Trick Or Treat [Extra Quality]

Trick-or-treating is a traditional Halloween custom for children and adults in some countries. During the evening of Halloween, on October 31, people in costumes travel from house to house, asking for treats with the phrase "trick or treat". The "treat" is some form of confectionery, usually candy/sweets, although in some cultures money is given instead. The "trick" refers to a threat, usually idle, to perform mischief on the resident(s) or their property if no treat is given. Some people signal that they are willing to hand out treats by putting up Halloween decorations outside their doors; houses may also leave their porch lights on as a universal indicator that they have candy; some simply leave treats available on their porches for the children to take freely, on the honor system.

Trick or Treat


The activity is prevalent in the Anglospheric countries of the United Kingdom, Ireland, the United States, Canada, and Australia. It also has extended into Mexico. In northwestern and central Mexico, the practice is called calaverita (Spanish diminutive for calavera, "skull" in English), and instead of "trick or treat", the children ask, "Me da mi calaverita?" ("[Can you] give me my little skull?"), where a calaverita is a small skull made of sugar or chocolate.
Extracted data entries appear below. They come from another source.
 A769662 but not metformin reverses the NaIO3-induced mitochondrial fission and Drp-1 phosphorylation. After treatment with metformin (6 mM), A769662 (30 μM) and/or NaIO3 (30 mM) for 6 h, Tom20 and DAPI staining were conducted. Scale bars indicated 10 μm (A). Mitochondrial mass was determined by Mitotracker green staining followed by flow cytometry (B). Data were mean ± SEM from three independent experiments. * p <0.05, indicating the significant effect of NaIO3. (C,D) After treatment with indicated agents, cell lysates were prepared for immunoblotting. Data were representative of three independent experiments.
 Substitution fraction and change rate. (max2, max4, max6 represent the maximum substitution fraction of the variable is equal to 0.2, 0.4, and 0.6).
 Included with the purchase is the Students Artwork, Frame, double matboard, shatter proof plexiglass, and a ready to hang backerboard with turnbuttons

Traditions similar to the modern custom of trick-or-treating extend all the way back to classical antiquity, although it is extremely unlikely that any of them are directly related to the modern custom. The ancient Greek writer Athenaeus of Naucratis records in his book The Deipnosophists that, in ancient times, the Greek island of Rhodes had a custom in which children would go from door-to-door dressed as swallows, singing a song, which demanded the owners of the house to give them food and threatened to cause mischief if the owners of the house refused.[5][6][7] This tradition was claimed to have been started by the Rhodian lawgiver Cleobulus.[8]
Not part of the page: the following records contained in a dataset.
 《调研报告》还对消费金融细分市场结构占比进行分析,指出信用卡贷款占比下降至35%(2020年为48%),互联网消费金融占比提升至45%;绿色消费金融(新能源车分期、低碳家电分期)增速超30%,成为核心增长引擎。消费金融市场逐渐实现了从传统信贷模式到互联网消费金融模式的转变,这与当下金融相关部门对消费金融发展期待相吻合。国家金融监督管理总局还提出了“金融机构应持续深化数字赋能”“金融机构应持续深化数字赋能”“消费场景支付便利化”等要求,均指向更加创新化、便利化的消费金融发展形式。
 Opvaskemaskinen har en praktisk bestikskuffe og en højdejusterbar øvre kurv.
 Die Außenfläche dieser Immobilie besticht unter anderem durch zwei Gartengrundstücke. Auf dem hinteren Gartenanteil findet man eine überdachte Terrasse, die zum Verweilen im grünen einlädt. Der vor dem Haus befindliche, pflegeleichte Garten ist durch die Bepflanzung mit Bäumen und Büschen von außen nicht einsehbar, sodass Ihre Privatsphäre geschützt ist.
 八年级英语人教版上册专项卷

Since the Middle Ages, a tradition of mumming on a certain holiday has existed in parts of Britain and Ireland. It involved going door-to-door in costume, performing short scenes or parts of plays in exchange for food or drink. The custom of trick-or-treating on Halloween may come from the belief that supernatural beings, or the souls of the dead, roamed the earth at this time and needed to be appeased.

Almost everywhere you went last night, particularly in the early part of the evening, you would meet gangs of youngsters out to celebrate. Some of them would have adopted various forms of "camouflage" such as masks, or would appear in long trousers and big hats or with long skirts. But others again didn't. . . . "Tricks or treats" you could hear the gangs call out, and if the householder passed out the "coin" for the "treats" his establishment would be immune from attack until another gang came along that knew not of or had no part in the agreement.[40]
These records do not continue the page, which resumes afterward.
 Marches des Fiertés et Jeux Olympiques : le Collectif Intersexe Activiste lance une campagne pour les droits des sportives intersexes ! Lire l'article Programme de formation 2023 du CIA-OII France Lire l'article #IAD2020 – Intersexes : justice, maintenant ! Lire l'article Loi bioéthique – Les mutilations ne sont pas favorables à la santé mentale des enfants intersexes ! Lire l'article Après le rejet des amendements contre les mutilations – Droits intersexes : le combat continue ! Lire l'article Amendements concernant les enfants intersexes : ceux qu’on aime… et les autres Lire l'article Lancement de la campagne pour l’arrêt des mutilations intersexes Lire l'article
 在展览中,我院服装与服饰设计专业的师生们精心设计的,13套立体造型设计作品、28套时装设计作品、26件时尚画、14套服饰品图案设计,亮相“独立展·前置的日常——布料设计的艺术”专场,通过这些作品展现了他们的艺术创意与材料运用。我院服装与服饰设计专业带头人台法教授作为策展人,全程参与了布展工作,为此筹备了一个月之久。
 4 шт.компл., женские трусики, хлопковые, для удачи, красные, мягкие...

As shown by word sleuth Barry Popik,[41] who also found the first use from 1917,[39] variant forms continued, with "trick or a treat" found in Chatsworth, Ontario in 1921,[42] "treat up or tricks" and "treat or tricks" found in Edmonton, Alberta in 1922,[43] and "treat or trick" in Penhold, Alberta in 1924.[44] The now canonical form of "trick or treat" was first seen in 1917 in Chatsworth, only one day after the Sault Ste. Marie use,[45] but "tricks or treats" was still in use in the 1966 television special, It's the Great Pumpkin, Charlie Brown.[41]

The thousands of Halloween postcards produced between the start of the 20th century and the 1920s commonly show children but do not depict trick-or-treating.[46] The editor of a collection of over 3,000 vintage Halloween postcards writes, "There are cards which mention the custom [of trick-or-treating] or show children in costumes at the doors, but as far as we can tell they were printed later than the 1920s and more than likely even the 1930s. Tricksters of various sorts are shown on the early postcards, but not the means of appeasing them".[47]

Trick-or-treating does not seem to have become a widespread practice until the 1930s, with the first U.S. appearance of the term in 1932,[48] and the first use in a national publication occurring in 1939.[49]

Behavior similar to trick-or-treating was more commonly associated with Thanksgiving from 1870 (shortly after that holiday's formalization) until the 1930s. In New York City, a Thanksgiving ritual known as Ragamuffin Day involved children dressing up as beggars and asking for treats, which later evolved into dressing up in more diverse costumes.[50][51] Increasing hostility toward the practice in the 1930s eventually led to the begging aspects being dropped, and by the 1950s, the tradition as a whole had ceased.

Almost all pre-1940 uses of the term "trick-or-treat" are from the United States and Canada. Trick-or-treating spread throughout the United States, stalled only by World War II sugar rationing that began in April, 1942 and lasted until June, 1947.[52][53]

Early national attention to trick-or-treating was given in October, 1947 issues of the children's magazines Jack and Jill and Children's Activities,[54] and by Halloween episodes of the network radio programs The Baby Snooks Show in 1946 and The Jack Benny Show and The Adventures of Ozzie and Harriet in 1948.[55] Trick-or-treating was depicted in the Peanuts comic strip in 1951.[56] The custom had become firmly established in popular culture by 1952, when Walt Disney portrayed it in the cartoon Trick or Treat, and Ozzie and Harriet were besieged by trick-or-treaters on an episode of their television show.[57] In 1953 UNICEF first conducted a national campaign for children to raise funds for the charity while trick-or-treating.[58]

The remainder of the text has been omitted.